Melansir dari data sensus tahun 2018 yang dijalankan oleh Appalachian Regional Commission (ARC), rasio gini penguasaan lahan di Indonesia telah mencapai 0,70 persen. Angka ini menunjukkan ketimpangan kepemilikan lahan yang berada di tangan segelintir orang. Melihat ketimpangan ini, vara menyebut, negara harus segera melaksanakan program reform agraria yang menyasar pada redistribusi atas konsentrasi penguasaan lahan. 

Dalam UUPA 1960 Poin 5 yang mengatur redistribusi lahan, menyebutkan petani dibatasi menguasai minimal 5 hektar dan maksimal 15 hektar di daerah kota. Sedangkan, di wilayah yang tidak padat penduduk, lahan yang dikuasai petani minimal 5 hektar dan maksimal 20 hektar. Menurut Vara, kedudukan UUPA sangat penting guna menjadi payung hukum dalam menjalankan reforma agraria.

“Harapan kami cuma satu, cabut UUPA dari Prolegnas dan juga laksanakan reforma agraria sesuai mandat UUPA dan beserta program-program penunjangnya,” paparnya.

Menurut Vara, UUPA 1960 merupakan salah satu bentuk kemenangan pada masa awal pembentukan Indonesia oleh kelompok gerakan dan buruh tani. UUPA menjadi salah satu regulasi dengan tujuan melancarkan dan mengembangkan industrialisasi nasional.

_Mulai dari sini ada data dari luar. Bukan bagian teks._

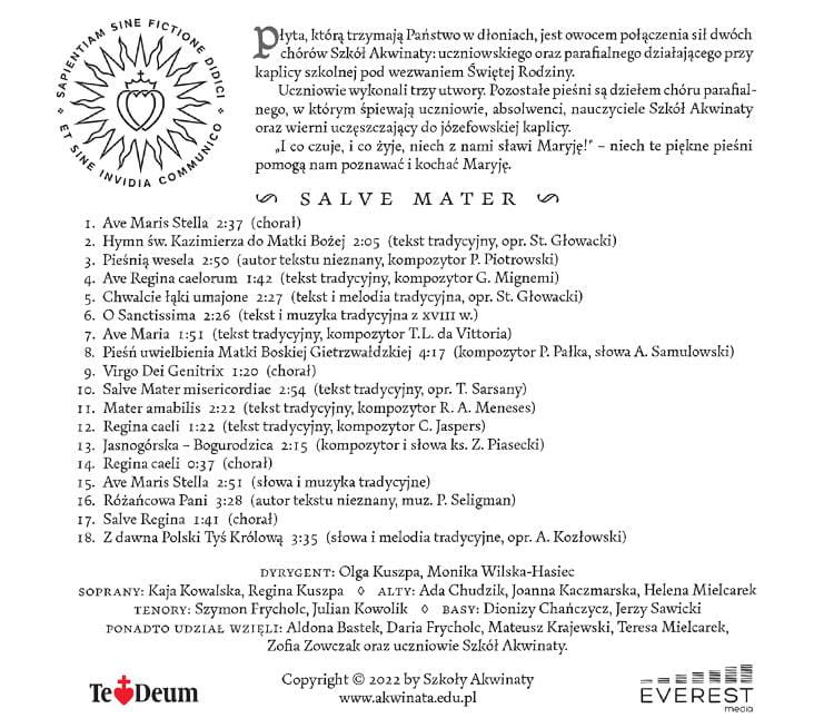 Salve Mater jest owocem połączenia sił dwóch chórów Szkół Akwinaty: uczniowskiego oraz parafialnego działającego przy kaplicy szkolnej pod wezwaniem Świętej Rodziny. Na płycie znajdziecie Państwo aż 18 utworów! I co czuje i co żyje niech z nami sławi Maryję - niech te piękne pieśni pomogą nam poznawać i kochać Maryję.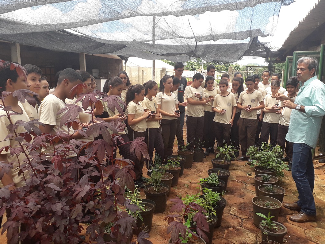 Na visita ocorrida nesta terça-feira, os discentes conheceram a horta do Campus Ceres, com enfoque nas plantas medicinais aqui cultivadas, entre elas a Quebra Pedra, Azedinha, Gengibre, Jambu, Boldo, Grama de Trigo, Erva Cidreira, Hortelã e Capim Citronela. Indo além da proposta, aos extensionistas também foi apresentada a variedade de pimentas cultivadas e participaram de atividade de plantio de sementes de berinjela, que vem sendo utilizada no tratamento de colesterol e diabetes. “Os estudantes na ocasião levaram um ‘vasinho’, no qual poderão cultivar de forma adequada a hortaliça em seus lares”, concluiu Marques.

Namun demikian, menurut Vara, alih-alih melaksanakan reforma agraria sesuai dengan mandat UUPA, pemerintah justru terus memojokkan sektor pertanian menurut skala ekonomi yang menguntungkan mereka. Seperti halnya pembangunan Proyek Strategis Nasional (PSN) yang terus menggusur tanah-tanah pertanian, petani tidak memiliki hak kuat meskipun didorong dengan UUPA.

“Tapi nyatanya, sampai saat ini, tidak ada penyelesaian dari negara itu sendiri,” ujarnya.

Senada dengan itu, Misidah, anggota Kelompok Tani Karisma merasa dampak dari UUPA yang dimasukan ke dalam Prolegnas akan membahayakan keberlangsungan pekerjaan petani. Ia menyebutkan, lahan petani di Kulonprogo semakin sempit akibat alih fungsi lahan. Revisi pada UUPA berpotensi melibatkan kepentingan elit dalam mendorong pembangunan yang mengikis lahan pertanian.

Misidah turut menyoroti maraknya pembangunan yang dilakukan oleh pemerintah juga berdampak pada kerusakan lingkungan. Ia mengungkap, para petani pontang-panting oleh perubahan siklus iklim yang tidak menentu. Selain itu pula, kerusakan ekosistem berakibat pada perkembangbiakan hama berlebih turut menjadi faktor menurunnya penghasilan petani. Namun demikian, belum ada upaya pasti dari pemerintah untuk menanggulanginya.

“Harapan kami adalah (pemerintah) seperti (mengadakan) reboisasi, kemajuan, dan juga membangun iklim yang lebih baik,” pungkasnya saat diwawancarai ARENA.